LISBOA, 10 de Novembro de 2020
Henrique Araújo (Relator)
Maria Olinda Garcia
Raimundo Queirós
Sumário (art. 663º, nº 7, do CPC).
[1] Relator: Henrique Araújo
Adjuntos: Maria Olinda Garcia
Raimundo Queirós
[2] Nosso sublinhado.
[3] Cfr. partes, por nós sublinhadas, no excerto transcrito.
[4] Cfr., entre outros, o acórdão do STJ de 04.10.2018, no processo n.º 588/12.3TBPVL.G2.S1, em www.dgsi.pt
[5] Pedro Romano Martinez e Pedro Fuzeta da Ponte, “Garantias de Cumprimento”, 5ª edição, página 15.

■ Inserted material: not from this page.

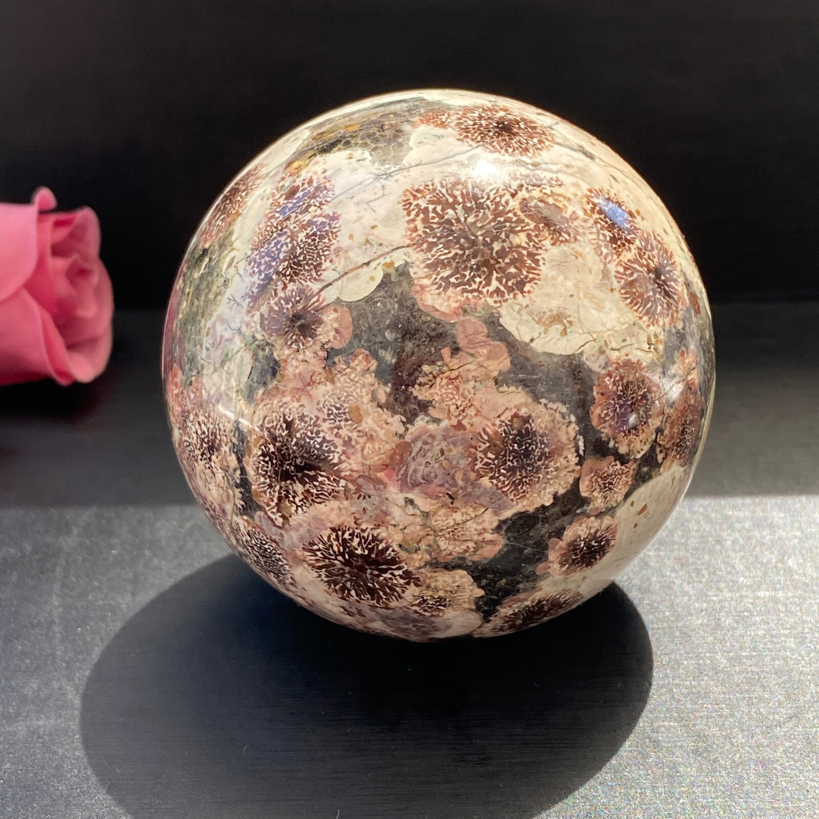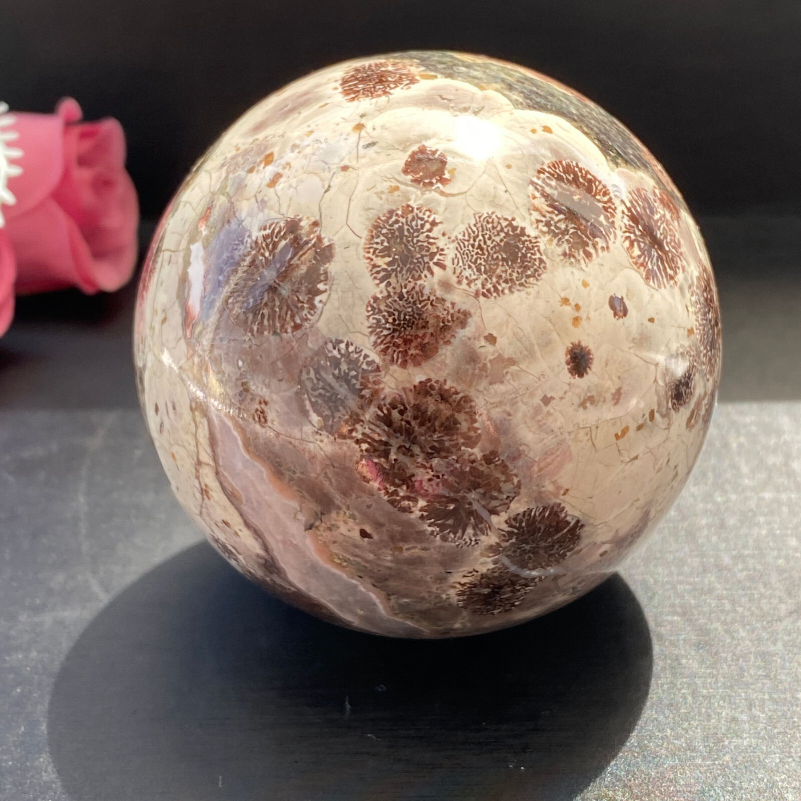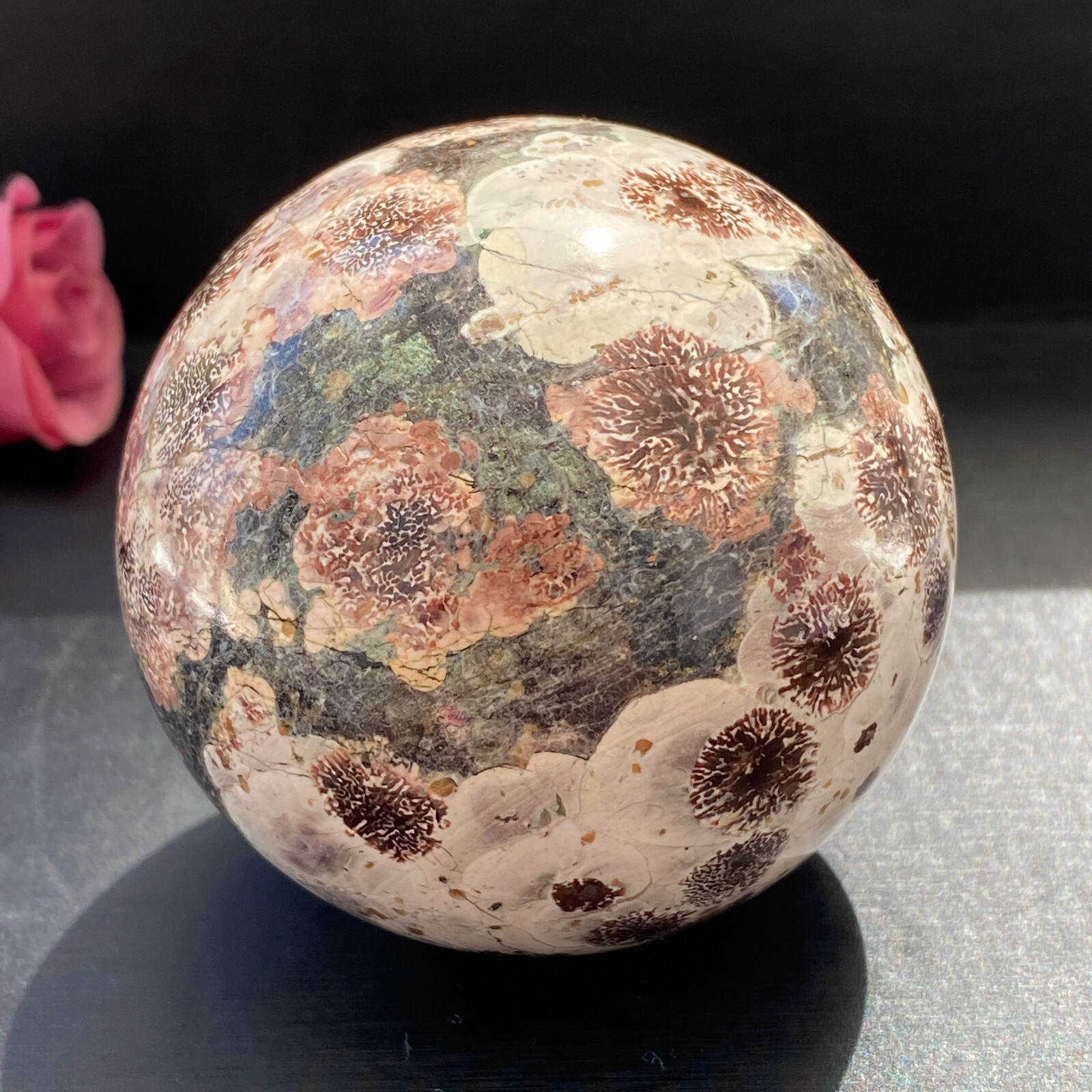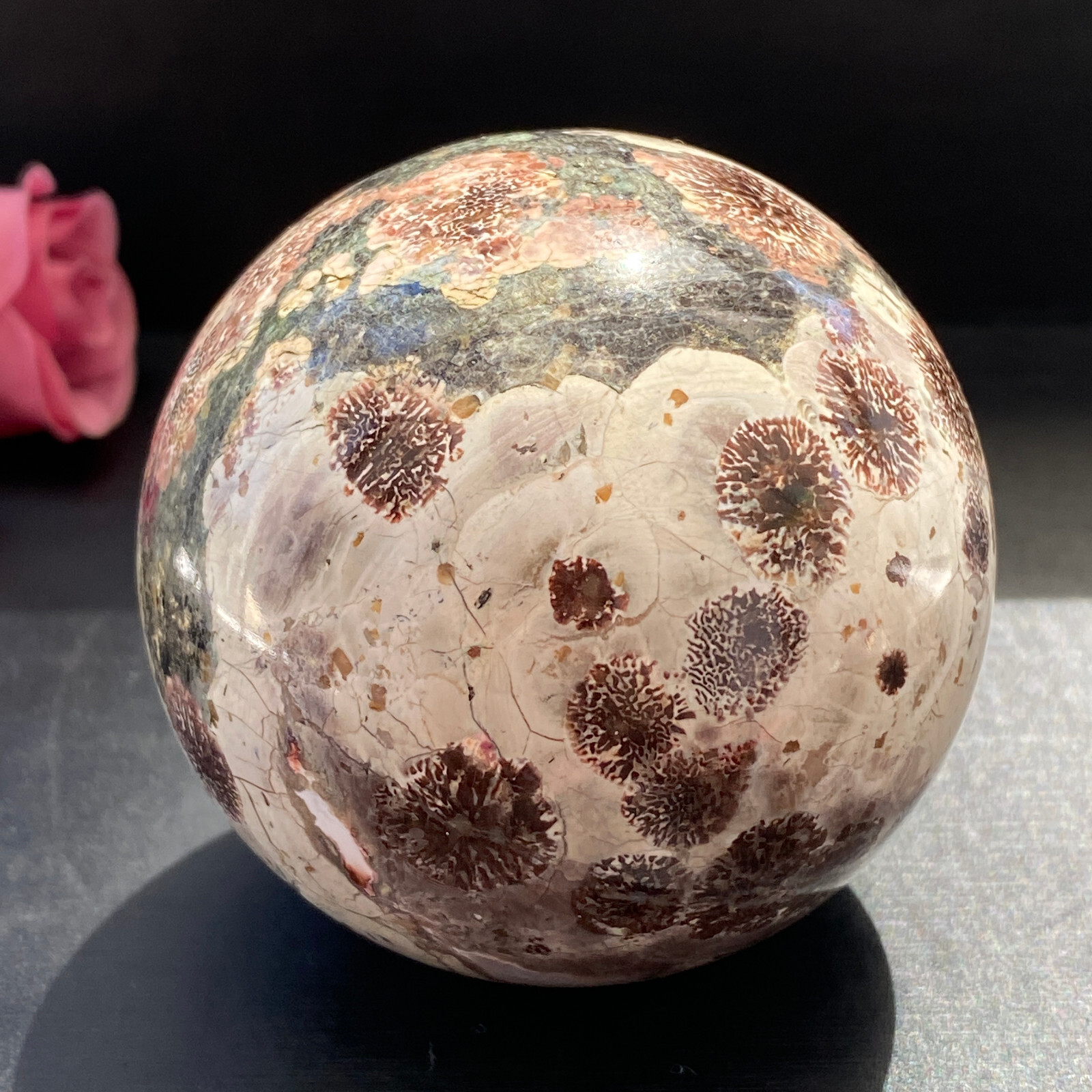 Received exact sphere pictured and described in the listing. An excellent, cleanly shaped stone with a good finish polish. Colors are bold and bright. Even better in hand, than it appeared in its listing photos. Communication with the shop was good. Shipping time from mainland China very acceptable, in light of the distance traveled. Sphere was delivered in good order and perfect condition. Well pleased with my blue/green Turquoise sphere. Good job by this eBay seller.

[6] A constituição da sociedade 5ª ré, a escritura da partilha e a adjudicação à 5ª ré dos dois imóveis.
[7] Sobre o tema, ver Mota Pinto, “Teoria Geral do Direito Civil”, 3ª edição, páginas 606/607.
[8] Antunes Varela, “Das Obrigações em Geral”, Volume II, 4ª edição, página 438, nota 1, e acórdãos deste STJ de 29.11.2011, no processo n.º 7288/07.4TBVNG.P1.S1, de 12.03.2015, no processo n.º 4023/11.6/TCLRS.L1.S1, de 27.09.2016, no processo n.º 701/07.2TBMCN.P1.S1, e de 11.07.2019, no processo n.º 10336/16.3T8VNG.P1.S1, todos em www.dgsi.pt.
[9] Apenas com a correcção de que, em relação à totalidade do capital social inicial (75.000,00 €), o 6º réu detinha 80% (60.000,00 €) e não 75% desse capital, sendo o restante do capital (20%) detido em partes iguais pelos 1º, 2º e 3º réus, seus filhos (5.000,00 €, cada um). O 4º réu viria a ingressar na sociedade um mês depois da sociedade ser constituída (cfr. ponto 4.)